* [PROBLEM TO WORK ON]: From the material below, reproduce exactly the stretch of lines that begins with the line holding "Trust - 22335" and ends with the line holding "Сумка-шоппер на плечо.", skipping the pictures.
==== DATA LISTING
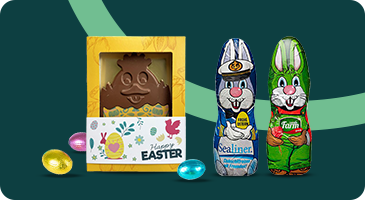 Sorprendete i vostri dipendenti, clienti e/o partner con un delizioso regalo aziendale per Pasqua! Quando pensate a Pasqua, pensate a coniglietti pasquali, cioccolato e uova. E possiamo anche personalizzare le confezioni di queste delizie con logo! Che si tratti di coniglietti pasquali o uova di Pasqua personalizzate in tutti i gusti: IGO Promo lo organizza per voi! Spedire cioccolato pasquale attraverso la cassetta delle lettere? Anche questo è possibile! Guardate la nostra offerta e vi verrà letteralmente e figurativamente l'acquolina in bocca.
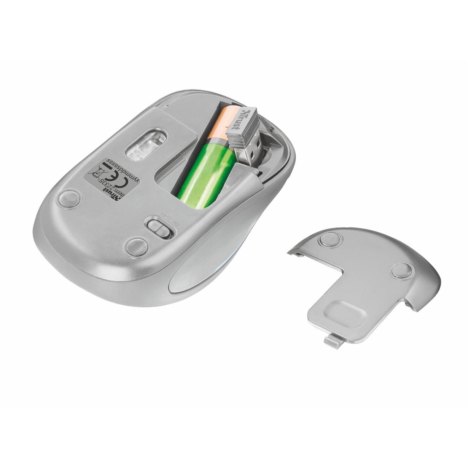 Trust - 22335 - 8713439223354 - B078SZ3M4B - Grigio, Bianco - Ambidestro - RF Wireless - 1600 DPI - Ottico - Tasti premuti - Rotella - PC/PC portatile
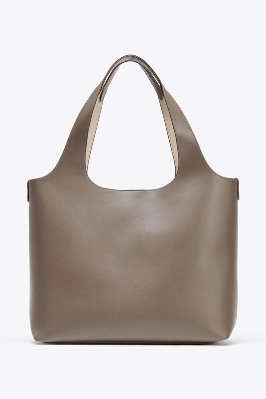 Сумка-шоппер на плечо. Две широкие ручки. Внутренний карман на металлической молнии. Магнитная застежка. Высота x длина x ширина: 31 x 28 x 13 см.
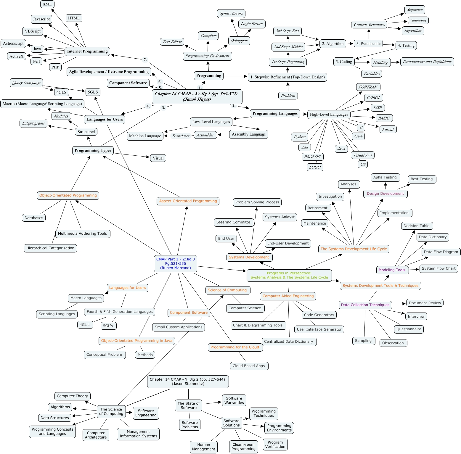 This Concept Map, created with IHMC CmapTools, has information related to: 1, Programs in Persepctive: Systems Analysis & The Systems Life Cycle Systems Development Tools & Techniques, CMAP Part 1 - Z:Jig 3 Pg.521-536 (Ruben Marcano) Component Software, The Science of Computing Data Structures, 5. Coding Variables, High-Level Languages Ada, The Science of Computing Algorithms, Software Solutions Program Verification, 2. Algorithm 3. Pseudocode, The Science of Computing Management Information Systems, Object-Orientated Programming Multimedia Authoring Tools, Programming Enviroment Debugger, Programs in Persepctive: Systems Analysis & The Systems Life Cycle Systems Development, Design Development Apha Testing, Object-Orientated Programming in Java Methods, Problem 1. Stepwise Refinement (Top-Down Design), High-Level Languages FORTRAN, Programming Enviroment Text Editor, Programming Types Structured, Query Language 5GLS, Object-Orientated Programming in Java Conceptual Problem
========
==== DATA LISTING
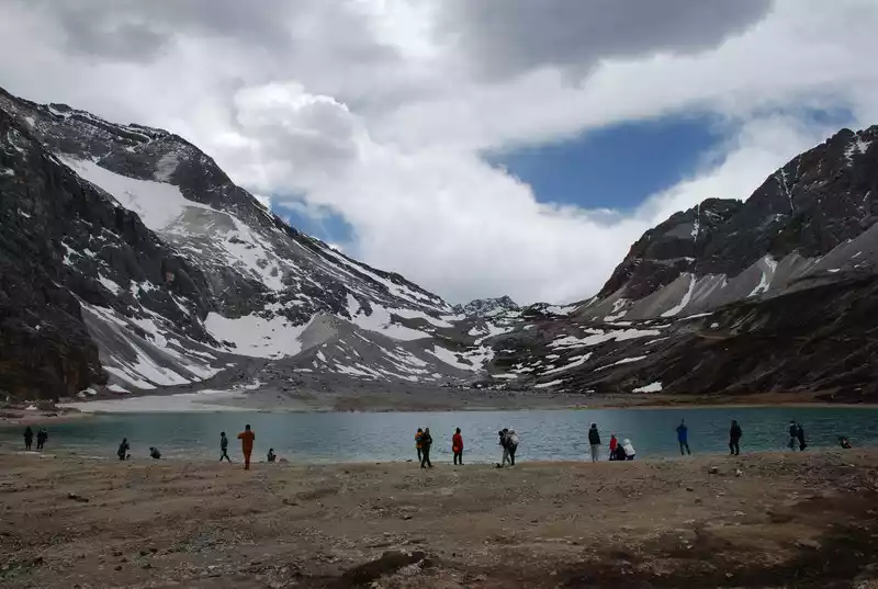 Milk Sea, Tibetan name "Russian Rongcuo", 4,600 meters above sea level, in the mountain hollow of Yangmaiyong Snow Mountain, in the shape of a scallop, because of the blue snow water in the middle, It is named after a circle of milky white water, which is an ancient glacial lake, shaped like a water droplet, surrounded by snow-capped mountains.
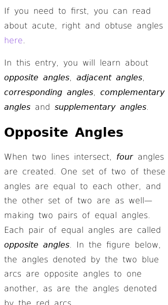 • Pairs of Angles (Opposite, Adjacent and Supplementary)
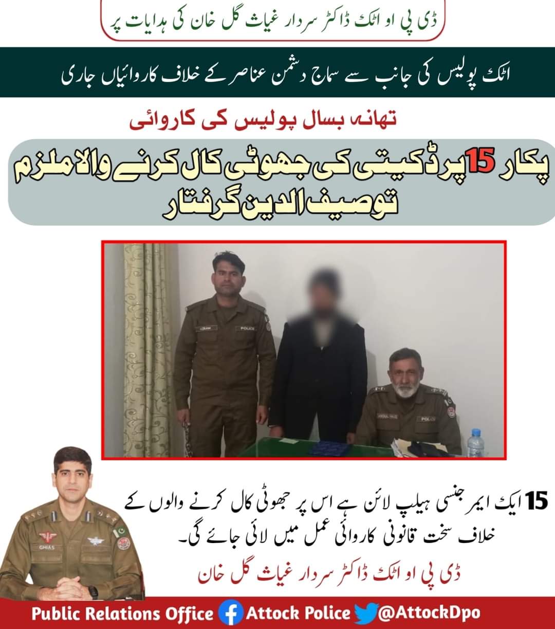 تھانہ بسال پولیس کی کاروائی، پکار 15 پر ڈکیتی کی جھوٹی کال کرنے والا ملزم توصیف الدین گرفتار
========
* [WORKED SOLUTION]:
 Trust - 22335 - 8713439223354 - B078SZ3M4B - Grigio, Bianco - Ambidestro - RF Wireless - 1600 DPI - Ottico - Tasti premuti - Rotella - PC/PC portatile
 Сумка-шоппер на плечо. Две широкие ручки. Внутренний карман на металлической молнии. Магнитная застежка. Высота x длина x ширина: 31 x 28 x 13 см.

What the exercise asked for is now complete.